Ci risiamo. A fronte delle denunce sulla sicurezza ed in concomitanza con la Conferenza Stampa del Movimento Studentesco Catanese sull'abbandono delle residenze universitarie, l'Università di Catania ha inviato una nota stampa nella quale attacca frontalmente tutti coloro che criticano la gestione dell'Ateneo e tenta di liberarsi dall'onere di rispondere, tanto agli studenti quanto ai giornalisti.

Di seguito il comunicato di risposta del Movimento Studentesco Catanese
Inaccettabile e vergognosa la nota stampa dell'Università di Catania.
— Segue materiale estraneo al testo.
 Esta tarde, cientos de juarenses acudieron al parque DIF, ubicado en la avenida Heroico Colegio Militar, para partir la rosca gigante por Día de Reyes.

In merito alla nota stampa diffusa dall'Università di Catania il 13/12/2011 il Movimento Studentesco Catanese intende dichiarare il proprio totale sbigottimento.
Rigettiamo in toto le accuse rivolteci dall'Università di Catania e ricordiamo ai dirigenti dell'Ateneo che abbiamo più volte, prima di qualsiasi pubblicazione, sollecitato incontri e presentato richieste alle quali non è stata fornita mai alcuna effettiva risposta.
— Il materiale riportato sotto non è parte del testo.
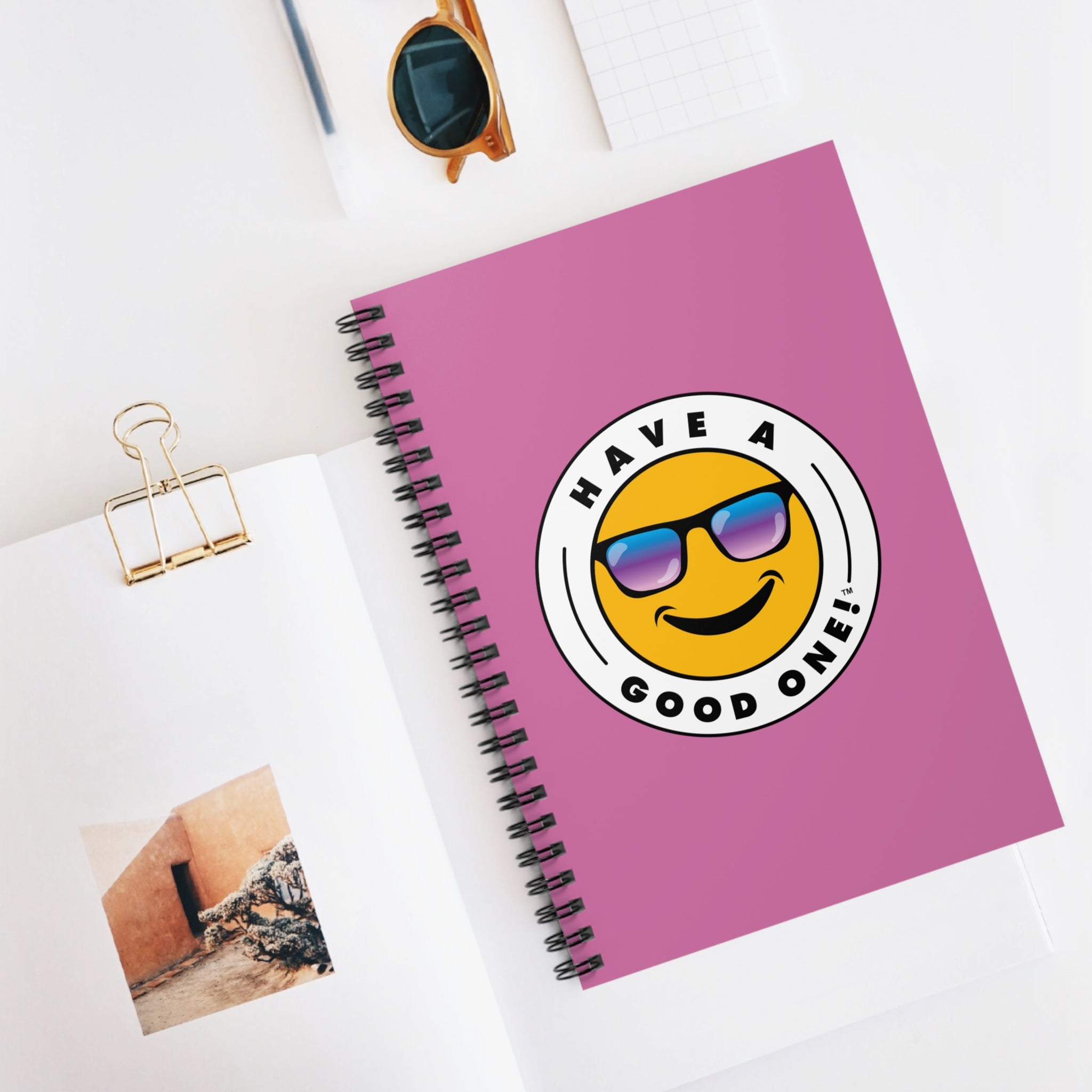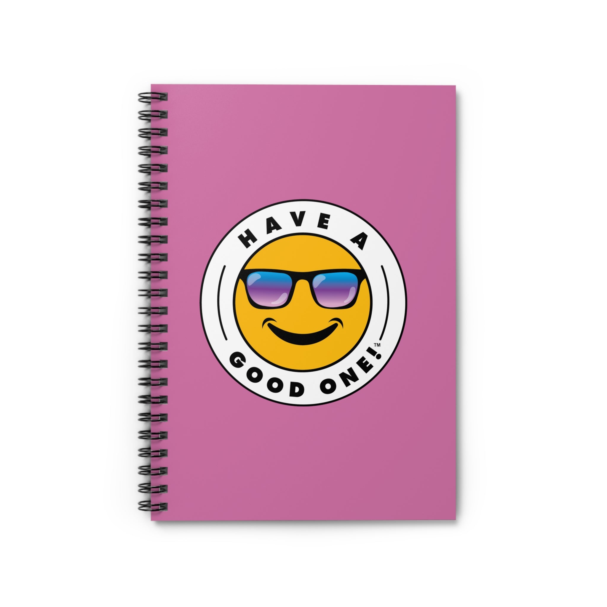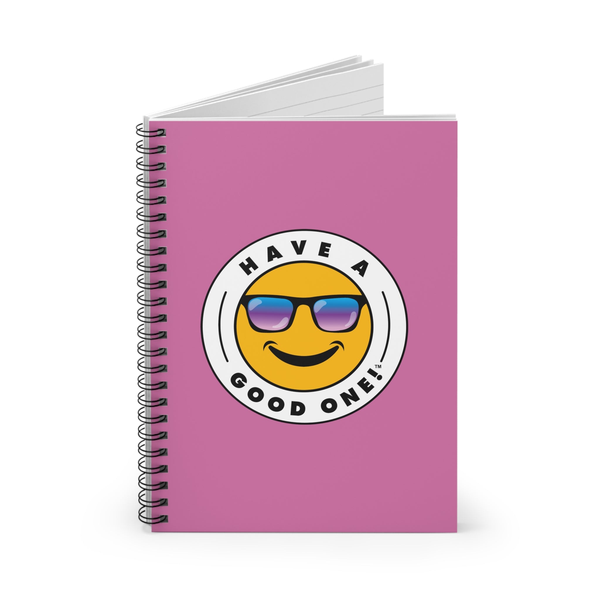 Fun Spiral Lined Notebook - Light Pink Color With Blue and Purple Have A Good One! Logo
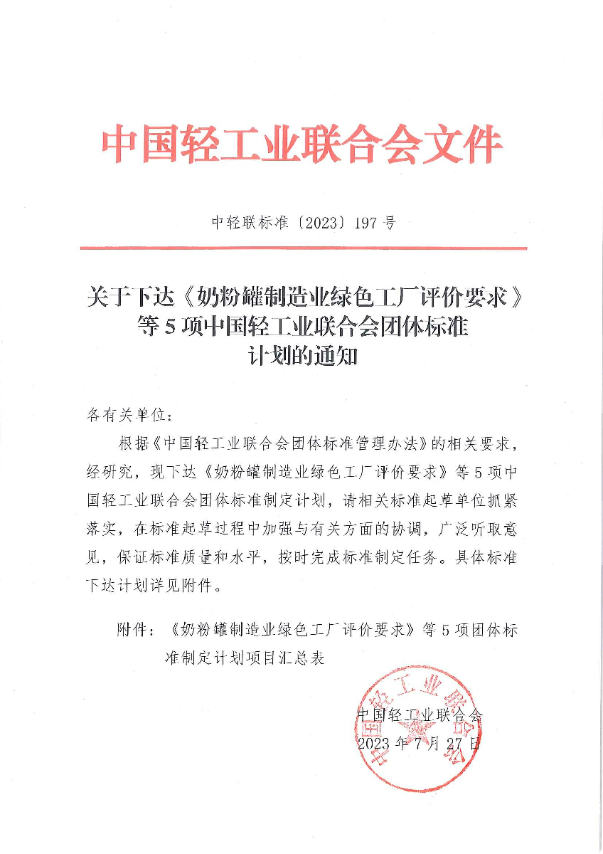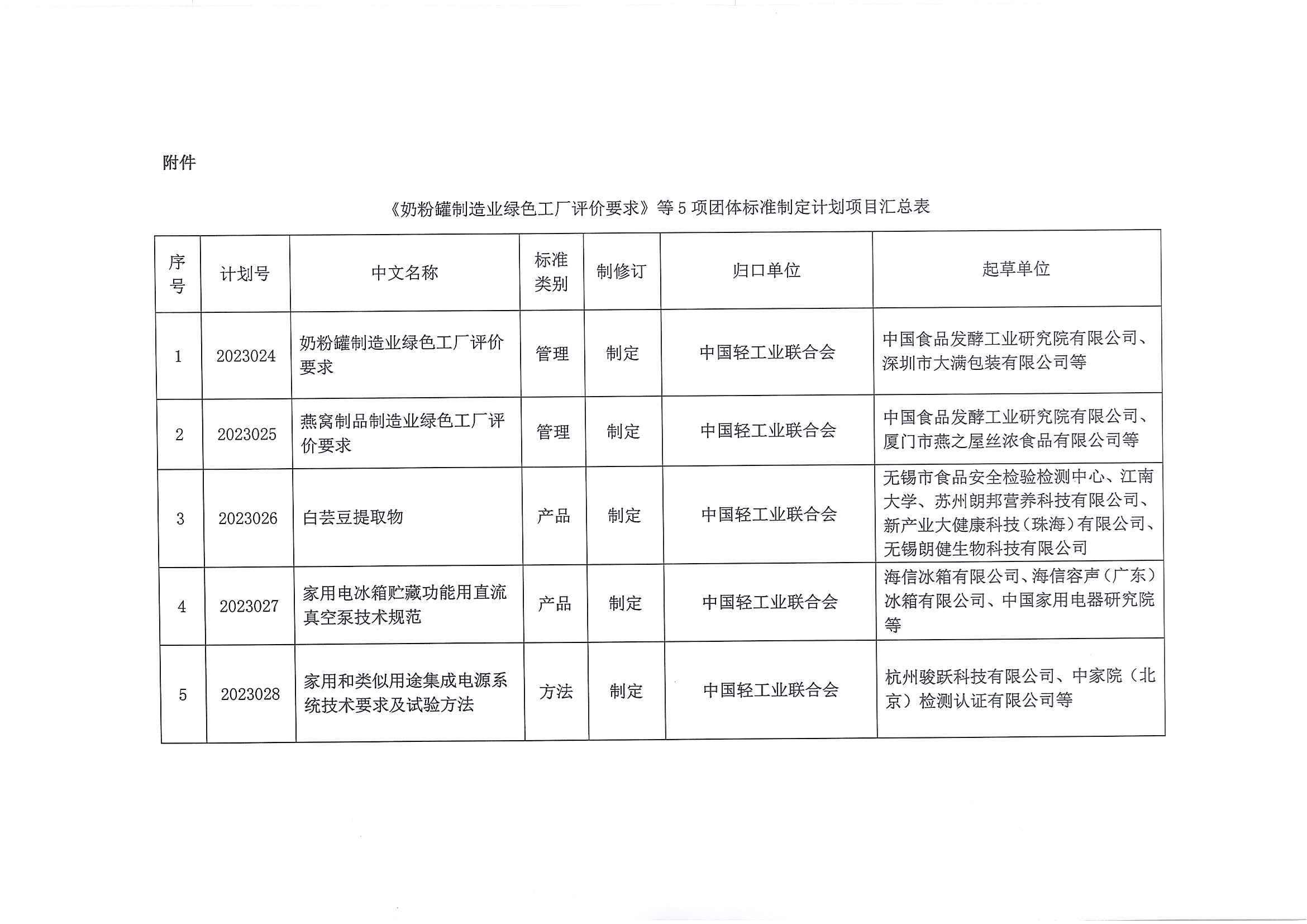 关于下达《奶粉罐制造业绿色工厂评价要求》等5项bv伟德国际体育1946团体标准计划的通知
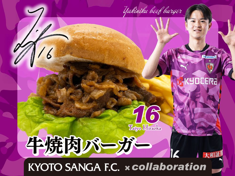 【選手コラボメニュー】平岡 大陽 選手メニュー取扱い店。 ハンバーガーショップBEETでは、拘りのオリジナルバーガーを始め、ポテトなど、スタグルをお楽しみいただけるラインナップをご用意しております‼是非、ご利用ください‼

Riteniamo inaccettabile ed avvilente che un'Istituzione prestigiosa quale l'Università di Catania si presti a diramare una nota stampa volta a distogliere l'attenzione dalle gravi carenze dell'amministrazione universitaria e a non dare risposte in merito.
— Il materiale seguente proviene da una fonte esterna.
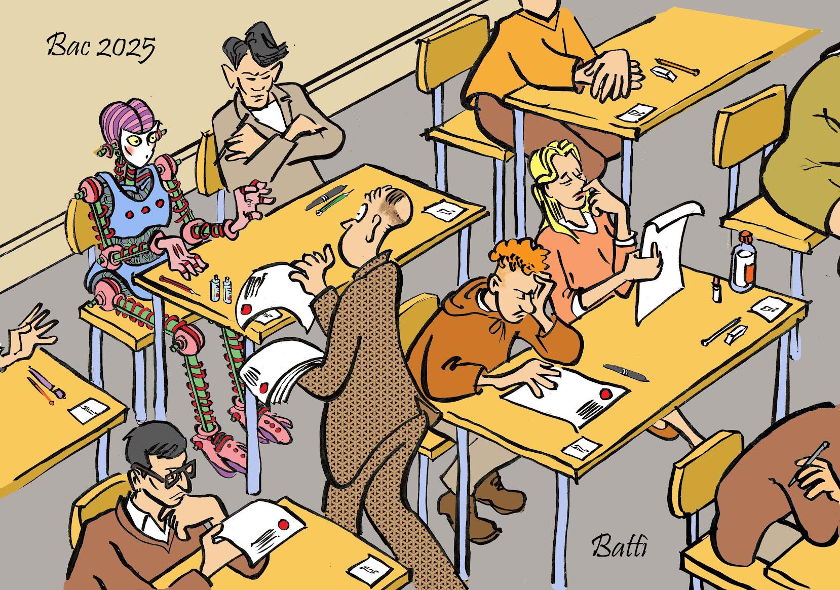 Le dessin de Battì : Bac 2025, l’IA planche, les élèves rament

E' raccapricciante che, a fronte di oggettivi disservizi e situazioni di rischio, sancite dalla stessa Università, l'Ateneo ritenga “superfluo” fornire spiegazioni alle studentesse, agli studenti ed agli organi di stampa.
E', inoltre, vergognoso e indegno il tentativo di derubricare a “operazioni strumentalmente propagandistiche” le denunce del Movimento Studentesco e degli altri soggetti che, con senso critico, si esprimono sull'operato dell'amministrazione. Come ridicolo e privo di senso è il riferimento al “momento particolarmente delicato che si vive nel Paese”.
Pertanto ci preme ricordare ai vertici dell'Ateneo che nessuno di essi ricopre ancora incarichi politici o tecnici all'interno del Governo.
Sottolineamo, infine, che le nostre denunce sono state presentate per evitare un ulteriore sciupio di risorse economiche, sempre più carenti a causa di tagli contro i quali, al contrario dei vertici dell'Ateneo, il Movimento Studentesco Catanese si è sempre scagliato senza ambiguità e senza alcun opportunismo politico.
L'Università ci ha sempre insegnato a ragionare, fare domande, nutrire dubbi, cercare certezze. E' quello che, nonostante la scandalosa nota stampa dell'Ateneo, faremo sempre. Sappiamo bene che “testa ca nun parra si chiama cucuzza”.